ABOUT THIS TASK | Using the listing below, copy exactly each line from the one that has "วันที่ 7 สิงหาคม" through the one that has "Charles was one"; omit the pictures.

GIVEN INFORMATION |
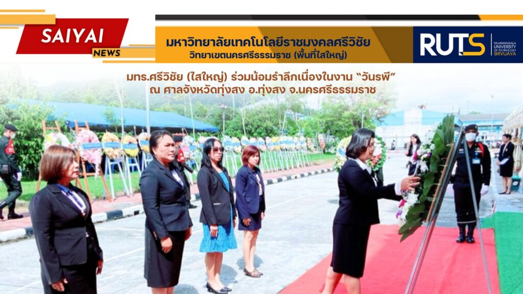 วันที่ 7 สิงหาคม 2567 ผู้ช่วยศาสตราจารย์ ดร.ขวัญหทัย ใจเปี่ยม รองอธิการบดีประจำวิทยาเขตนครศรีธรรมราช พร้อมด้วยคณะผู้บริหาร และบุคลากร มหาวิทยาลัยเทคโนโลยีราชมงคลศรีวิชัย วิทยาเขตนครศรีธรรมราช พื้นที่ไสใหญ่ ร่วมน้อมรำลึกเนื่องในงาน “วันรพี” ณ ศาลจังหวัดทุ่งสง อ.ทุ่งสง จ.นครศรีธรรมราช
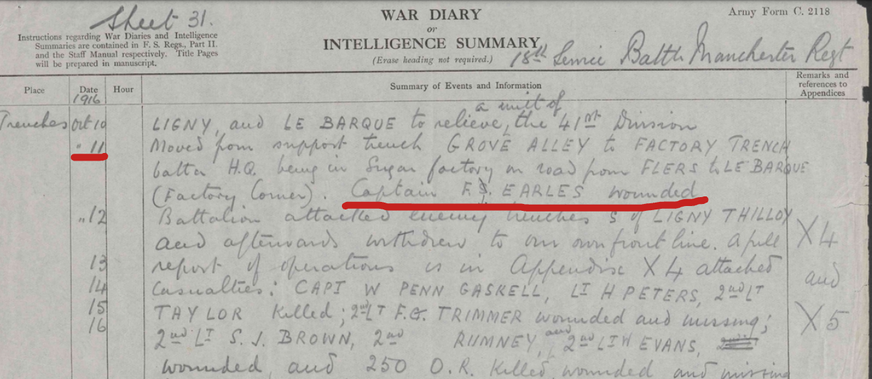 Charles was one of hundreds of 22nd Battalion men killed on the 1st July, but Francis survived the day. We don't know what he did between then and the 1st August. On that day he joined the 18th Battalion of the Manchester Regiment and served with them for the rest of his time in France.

--

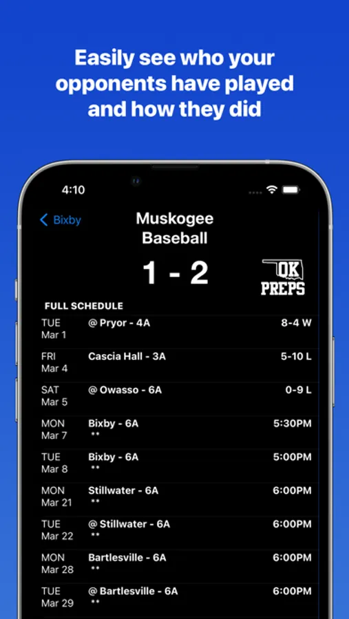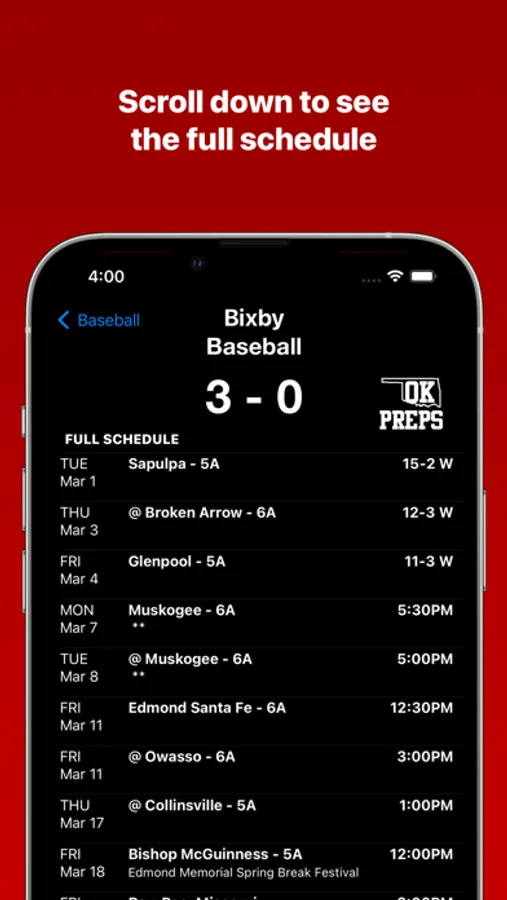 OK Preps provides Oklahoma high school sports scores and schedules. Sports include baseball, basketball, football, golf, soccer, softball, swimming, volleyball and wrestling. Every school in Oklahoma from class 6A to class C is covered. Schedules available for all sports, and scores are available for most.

SOLUTION TO THE PROBLEM |
 วันที่ 7 สิงหาคม 2567 ผู้ช่วยศาสตราจารย์ ดร.ขวัญหทัย ใจเปี่ยม รองอธิการบดีประจำวิทยาเขตนครศรีธรรมราช พร้อมด้วยคณะผู้บริหาร และบุคลากร มหาวิทยาลัยเทคโนโลยีราชมงคลศรีวิชัย วิทยาเขตนครศรีธรรมราช พื้นที่ไสใหญ่ ร่วมน้อมรำลึกเนื่องในงาน “วันรพี” ณ ศาลจังหวัดทุ่งสง อ.ทุ่งสง จ.นครศรีธรรมราช
 Charles was one of hundreds of 22nd Battalion men killed on the 1st July, but Francis survived the day. We don't know what he did between then and the 1st August. On that day he joined the 18th Battalion of the Manchester Regiment and served with them for the rest of his time in France.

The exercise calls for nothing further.